### Exercise inputs:
++++

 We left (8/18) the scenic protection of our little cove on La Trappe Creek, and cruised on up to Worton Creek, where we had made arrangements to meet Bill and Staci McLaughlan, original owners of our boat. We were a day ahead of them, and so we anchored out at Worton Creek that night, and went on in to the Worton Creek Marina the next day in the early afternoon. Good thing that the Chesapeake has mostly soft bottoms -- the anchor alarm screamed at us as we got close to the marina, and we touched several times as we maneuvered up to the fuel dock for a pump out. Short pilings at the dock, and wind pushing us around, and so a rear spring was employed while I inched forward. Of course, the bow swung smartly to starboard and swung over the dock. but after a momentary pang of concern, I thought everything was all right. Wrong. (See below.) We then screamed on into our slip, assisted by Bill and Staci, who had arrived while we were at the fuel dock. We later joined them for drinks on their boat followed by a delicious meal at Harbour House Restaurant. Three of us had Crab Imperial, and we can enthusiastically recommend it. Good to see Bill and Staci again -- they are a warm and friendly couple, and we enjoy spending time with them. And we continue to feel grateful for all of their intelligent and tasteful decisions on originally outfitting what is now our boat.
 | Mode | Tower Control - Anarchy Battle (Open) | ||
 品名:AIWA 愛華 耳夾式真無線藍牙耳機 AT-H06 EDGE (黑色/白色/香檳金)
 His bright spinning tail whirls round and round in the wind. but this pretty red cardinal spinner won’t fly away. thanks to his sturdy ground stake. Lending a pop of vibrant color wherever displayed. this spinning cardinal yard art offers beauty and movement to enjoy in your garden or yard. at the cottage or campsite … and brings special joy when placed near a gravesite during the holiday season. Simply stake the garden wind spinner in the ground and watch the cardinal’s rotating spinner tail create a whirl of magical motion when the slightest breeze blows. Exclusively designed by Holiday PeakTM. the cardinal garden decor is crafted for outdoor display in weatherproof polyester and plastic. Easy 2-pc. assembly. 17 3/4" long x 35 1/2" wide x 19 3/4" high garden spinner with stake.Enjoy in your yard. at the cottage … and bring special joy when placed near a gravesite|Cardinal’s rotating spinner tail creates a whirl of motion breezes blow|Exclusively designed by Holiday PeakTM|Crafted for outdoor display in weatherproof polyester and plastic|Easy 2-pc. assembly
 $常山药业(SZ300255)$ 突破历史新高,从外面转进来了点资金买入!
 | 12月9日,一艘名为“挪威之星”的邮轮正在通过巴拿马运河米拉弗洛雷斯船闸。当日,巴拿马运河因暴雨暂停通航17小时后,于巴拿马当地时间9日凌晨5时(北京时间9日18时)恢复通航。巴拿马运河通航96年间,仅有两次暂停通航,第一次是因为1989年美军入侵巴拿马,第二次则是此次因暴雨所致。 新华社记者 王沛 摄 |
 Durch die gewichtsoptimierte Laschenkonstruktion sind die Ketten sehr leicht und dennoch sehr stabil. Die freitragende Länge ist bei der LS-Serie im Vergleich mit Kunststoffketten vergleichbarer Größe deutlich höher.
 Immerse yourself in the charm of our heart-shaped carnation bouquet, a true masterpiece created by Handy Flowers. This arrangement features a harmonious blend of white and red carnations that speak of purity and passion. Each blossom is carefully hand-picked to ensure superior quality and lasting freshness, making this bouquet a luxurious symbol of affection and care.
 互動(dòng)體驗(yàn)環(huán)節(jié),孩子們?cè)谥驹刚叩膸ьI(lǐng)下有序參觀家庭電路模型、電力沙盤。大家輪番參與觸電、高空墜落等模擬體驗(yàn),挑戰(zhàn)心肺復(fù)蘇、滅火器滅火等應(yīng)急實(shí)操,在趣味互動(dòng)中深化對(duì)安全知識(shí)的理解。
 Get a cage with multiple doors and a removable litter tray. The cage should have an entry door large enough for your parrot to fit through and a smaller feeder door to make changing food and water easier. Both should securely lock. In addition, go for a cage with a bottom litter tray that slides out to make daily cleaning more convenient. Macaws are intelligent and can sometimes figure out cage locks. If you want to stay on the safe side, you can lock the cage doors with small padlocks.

++++

### Task instructions:
Each record must be repeated exactly as it appears above.

### Finished task:
 We left (8/18) the scenic protection of our little cove on La Trappe Creek, and cruised on up to Worton Creek, where we had made arrangements to meet Bill and Staci McLaughlan, original owners of our boat. We were a day ahead of them, and so we anchored out at Worton Creek that night, and went on in to the Worton Creek Marina the next day in the early afternoon. Good thing that the Chesapeake has mostly soft bottoms -- the anchor alarm screamed at us as we got close to the marina, and we touched several times as we maneuvered up to the fuel dock for a pump out. Short pilings at the dock, and wind pushing us around, and so a rear spring was employed while I inched forward. Of course, the bow swung smartly to starboard and swung over the dock. but after a momentary pang of concern, I thought everything was all right. Wrong. (See below.) We then screamed on into our slip, assisted by Bill and Staci, who had arrived while we were at the fuel dock. We later joined them for drinks on their boat followed by a delicious meal at Harbour House Restaurant. Three of us had Crab Imperial, and we can enthusiastically recommend it. Good to see Bill and Staci again -- they are a warm and friendly couple, and we enjoy spending time with them. And we continue to feel grateful for all of their intelligent and tasteful decisions on originally outfitting what is now our boat.
 | Mode | Tower Control - Anarchy Battle (Open) | ||
 品名:AIWA 愛華 耳夾式真無線藍牙耳機 AT-H06 EDGE (黑色/白色/香檳金)
 His bright spinning tail whirls round and round in the wind. but this pretty red cardinal spinner won’t fly away. thanks to his sturdy ground stake. Lending a pop of vibrant color wherever displayed. this spinning cardinal yard art offers beauty and movement to enjoy in your garden or yard. at the cottage or campsite … and brings special joy when placed near a gravesite during the holiday season. Simply stake the garden wind spinner in the ground and watch the cardinal’s rotating spinner tail create a whirl of magical motion when the slightest breeze blows. Exclusively designed by Holiday PeakTM. the cardinal garden decor is crafted for outdoor display in weatherproof polyester and plastic. Easy 2-pc. assembly. 17 3/4" long x 35 1/2" wide x 19 3/4" high garden spinner with stake.Enjoy in your yard. at the cottage … and bring special joy when placed near a gravesite|Cardinal’s rotating spinner tail creates a whirl of motion breezes blow|Exclusively designed by Holiday PeakTM|Crafted for outdoor display in weatherproof polyester and plastic|Easy 2-pc. assembly
 $常山药业(SZ300255)$ 突破历史新高,从外面转进来了点资金买入!
 | 12月9日,一艘名为“挪威之星”的邮轮正在通过巴拿马运河米拉弗洛雷斯船闸。当日,巴拿马运河因暴雨暂停通航17小时后,于巴拿马当地时间9日凌晨5时(北京时间9日18时)恢复通航。巴拿马运河通航96年间,仅有两次暂停通航,第一次是因为1989年美军入侵巴拿马,第二次则是此次因暴雨所致。 新华社记者 王沛 摄 |
 Durch die gewichtsoptimierte Laschenkonstruktion sind die Ketten sehr leicht und dennoch sehr stabil. Die freitragende Länge ist bei der LS-Serie im Vergleich mit Kunststoffketten vergleichbarer Größe deutlich höher.
 Immerse yourself in the charm of our heart-shaped carnation bouquet, a true masterpiece created by Handy Flowers. This arrangement features a harmonious blend of white and red carnations that speak of purity and passion. Each blossom is carefully hand-picked to ensure superior quality and lasting freshness, making this bouquet a luxurious symbol of affection and care.
 互動(dòng)體驗(yàn)環(huán)節(jié),孩子們?cè)谥驹刚叩膸ьI(lǐng)下有序參觀家庭電路模型、電力沙盤。大家輪番參與觸電、高空墜落等模擬體驗(yàn),挑戰(zhàn)心肺復(fù)蘇、滅火器滅火等應(yīng)急實(shí)操,在趣味互動(dòng)中深化對(duì)安全知識(shí)的理解。
 Get a cage with multiple doors and a removable litter tray. The cage should have an entry door large enough for your parrot to fit through and a smaller feeder door to make changing food and water easier. Both should securely lock. In addition, go for a cage with a bottom litter tray that slides out to make daily cleaning more convenient. Macaws are intelligent and can sometimes figure out cage locks. If you want to stay on the safe side, you can lock the cage doors with small padlocks.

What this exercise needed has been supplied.